The violence that was intrinsic to the new racism, the new empire building, and the new manliness was rooted in a fear for the future that historians have largely ignored. It is difficult but necessary for us to reinsert ourselves in the lost present that has become our past. Lears can do this better than most because of the depth and breadth of his reading. His strengths, as writer, interpreter, and synthesizer, are grounded in a voracious appetite for source material. Though this book relies heavily, as he concedes, on the work of other scholars, it is, like every other book, article, and review he has written, "based on a variety of sources: on mass-market as well as up-market magazines … on letters and memoirs … on fictions, sermons and speeches as well as systematic thought, on advertisements and entertainments." These sources provide him with an entrée, albeit an imperfect one, into the "foreign country" that is our recent past.

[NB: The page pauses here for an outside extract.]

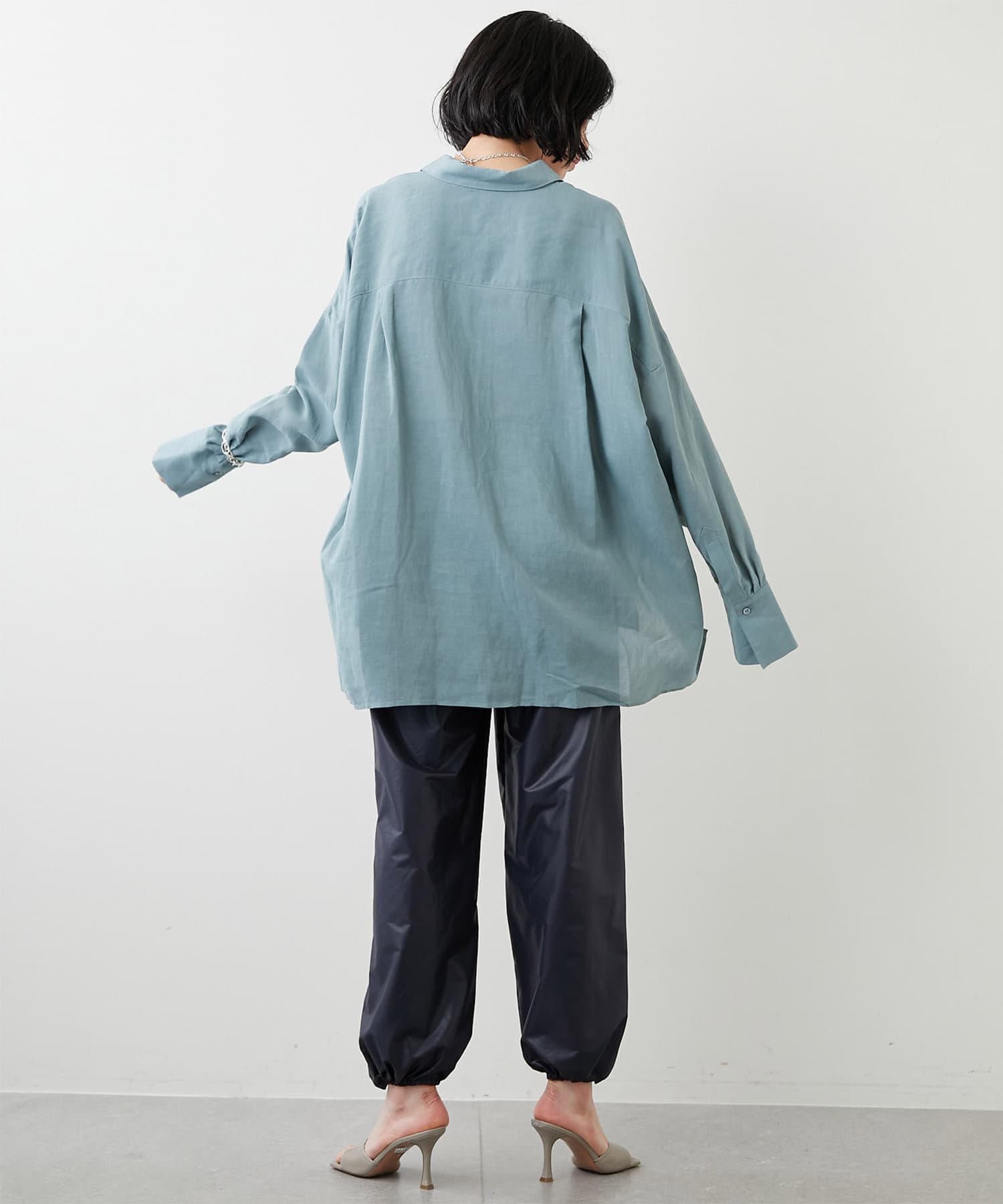 トップスとしてはもちろん、暑さの残る晩夏シーズンの軽い羽織としても重宝するおすすめのアイテムです。

The story of regeneration, revitalization, and rebirth Lears offers us was not, he demonstrates time and again, foretold. On the contrary, the social dislocations and economic disruptions of an industrializing nation sharply divided by region, after as before the Civil War, contributed to the forging of a social, cultural, and political environment permeated by uncertainty and tinged with fear:
During the 1880s and 1890s, the shape of the social order seemed very much up for grabs. Indeed it was not even clear that there would be a social order much longer. For some among the frightened affluent, the barbarians were already at the gates. Anxious Americans cast about for idioms of control, conceptual and ethical frameworks that would provide some basis for certainty in an uncertain world. Self-made manhood and natural-law economics were available but increasingly problematic in a society convulsed by class conflict and dominated by irresponsible capital.

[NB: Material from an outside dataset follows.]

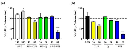 Effect of SFN-PPh and free PPh on the cell viability of human macrophage HL-60 differentiated cells measured by MTT assays (n = 3, three independent experiments performed in triplicate). (a) Cell viability in the presence of 100 or 500 µg·mL−1 of nanoparticles, equivalent to 16 or 80 µg·mL−1 of CUR, Q and RES according PLC. (b) Cell viability of HL-60 cells treated with free PPh (CUR, Q and RES) at the equivalent concentrations (16 and 80 µg·mL−1). Data are presented as % of cell viability ± SE of LPS-stimulated (0.1 µg·mL−1) HL-60 differentiated cells. Statistical differences were calculated using the two-way ANOVA test, followed by Dunnet’s post hoc analysis and represented as * p < 0.05; *** p < 0.001; **** p < 0.0001. All data presented are normalized compared to untreated cells (dash line, 100% cell viability). LPS, lipopolysaccharide; SFN, silk fibroin nanoparticles; PPh, polyphenol; SFN-CUR, SFN-curcumin loaded; SFN-Q, SFN-quercetin loaded; SFN-RES, SFN-resveratrol loaded; CUR, curcumin; Q, quercetin; RES, resveratrol.

If the early years of the period under discussion were, as Lears indicates, defined by a psychology and economics of scarcity in which vital resources and energies had to be preserved, the later decades were characterized by a psychology and economics of abundance. Americans concentrated less on preserving what they had than on expanding and extending, on producing and consuming more. Earlier attempts to redistribute wealth were rendered obsolete by the expectation that, with the right managers, experts, and technologies, larger empires, and more efficient and disciplined work regimes, the pie could be expanded to provide heartier slices for everyone willing to enter what Lears refers to as "a hamster cage of earning and spending." Populist insurgencies were overwhelmed by the managerial consensus that came to be associated with progressivism.
This is a remarkable book, even more remarkable for the fact that it is encased in a quasi-textbook format that restrains and restricts Lears. To satisfy the format, he relies a bit too much on set pieces and elegantly rewritten, canned biographies dropped at various points into his capacious narrative. Still he manages, much more often than not, to explode the limitations of the form and produce a startling new synthesis.